EXERCISE INPUTS ->
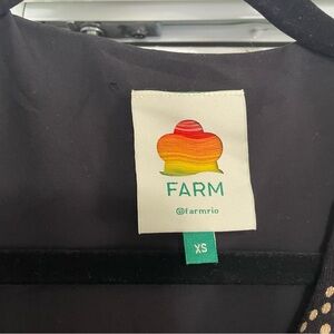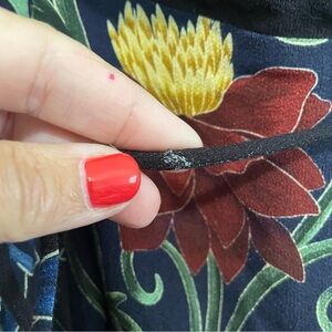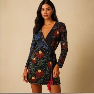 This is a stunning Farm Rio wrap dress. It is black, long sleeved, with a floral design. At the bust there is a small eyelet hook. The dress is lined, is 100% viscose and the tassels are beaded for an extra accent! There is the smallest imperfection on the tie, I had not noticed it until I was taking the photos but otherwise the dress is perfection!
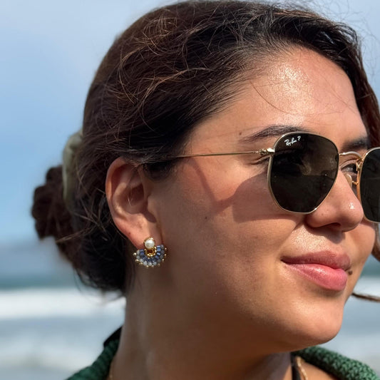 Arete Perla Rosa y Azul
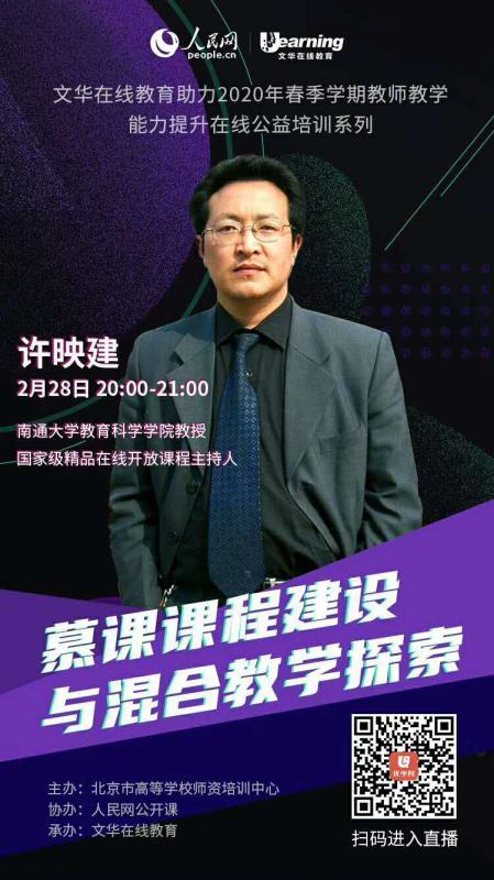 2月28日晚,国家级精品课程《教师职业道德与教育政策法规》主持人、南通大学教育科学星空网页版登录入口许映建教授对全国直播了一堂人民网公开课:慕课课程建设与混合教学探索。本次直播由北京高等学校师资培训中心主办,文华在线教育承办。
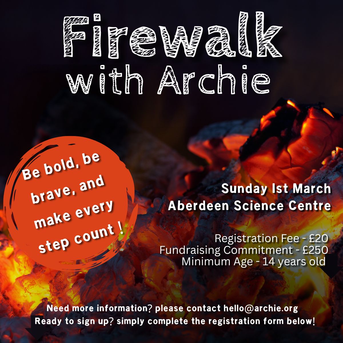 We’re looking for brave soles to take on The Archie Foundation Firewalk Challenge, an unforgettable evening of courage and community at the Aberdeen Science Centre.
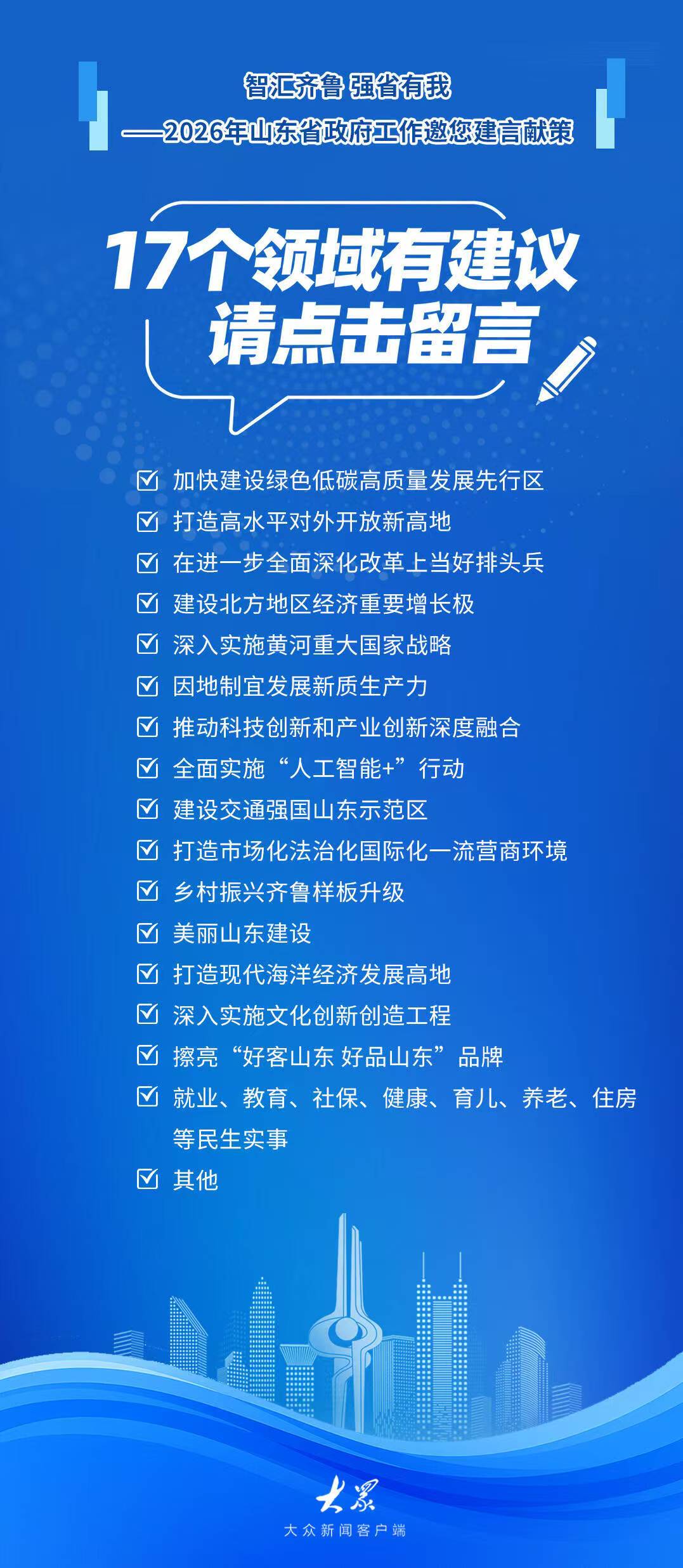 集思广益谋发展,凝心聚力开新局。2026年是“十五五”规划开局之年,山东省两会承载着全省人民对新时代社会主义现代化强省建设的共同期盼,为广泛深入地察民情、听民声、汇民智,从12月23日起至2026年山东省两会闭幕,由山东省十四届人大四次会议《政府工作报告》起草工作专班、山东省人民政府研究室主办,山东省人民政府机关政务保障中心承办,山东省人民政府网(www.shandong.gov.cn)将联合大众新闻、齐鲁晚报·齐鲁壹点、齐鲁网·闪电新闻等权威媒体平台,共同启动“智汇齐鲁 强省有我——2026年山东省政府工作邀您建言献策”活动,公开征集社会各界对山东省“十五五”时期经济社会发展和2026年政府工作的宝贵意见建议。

WORK TASK ->
What is needed is a verbatim copy of the material, minus its pictures.

RESPONSE ->
 This is a stunning Farm Rio wrap dress. It is black, long sleeved, with a floral design. At the bust there is a small eyelet hook. The dress is lined, is 100% viscose and the tassels are beaded for an extra accent! There is the smallest imperfection on the tie, I had not noticed it until I was taking the photos but otherwise the dress is perfection!
 Arete Perla Rosa y Azul
 2月28日晚,国家级精品课程《教师职业道德与教育政策法规》主持人、南通大学教育科学星空网页版登录入口许映建教授对全国直播了一堂人民网公开课:慕课课程建设与混合教学探索。本次直播由北京高等学校师资培训中心主办,文华在线教育承办。
 We’re looking for brave soles to take on The Archie Foundation Firewalk Challenge, an unforgettable evening of courage and community at the Aberdeen Science Centre.
 集思广益谋发展,凝心聚力开新局。2026年是“十五五”规划开局之年,山东省两会承载着全省人民对新时代社会主义现代化强省建设的共同期盼,为广泛深入地察民情、听民声、汇民智,从12月23日起至2026年山东省两会闭幕,由山东省十四届人大四次会议《政府工作报告》起草工作专班、山东省人民政府研究室主办,山东省人民政府机关政务保障中心承办,山东省人民政府网(www.shandong.gov.cn)将联合大众新闻、齐鲁晚报·齐鲁壹点、齐鲁网·闪电新闻等权威媒体平台,共同启动“智汇齐鲁 强省有我——2026年山东省政府工作邀您建言献策”活动,公开征集社会各界对山东省“十五五”时期经济社会发展和2026年政府工作的宝贵意见建议。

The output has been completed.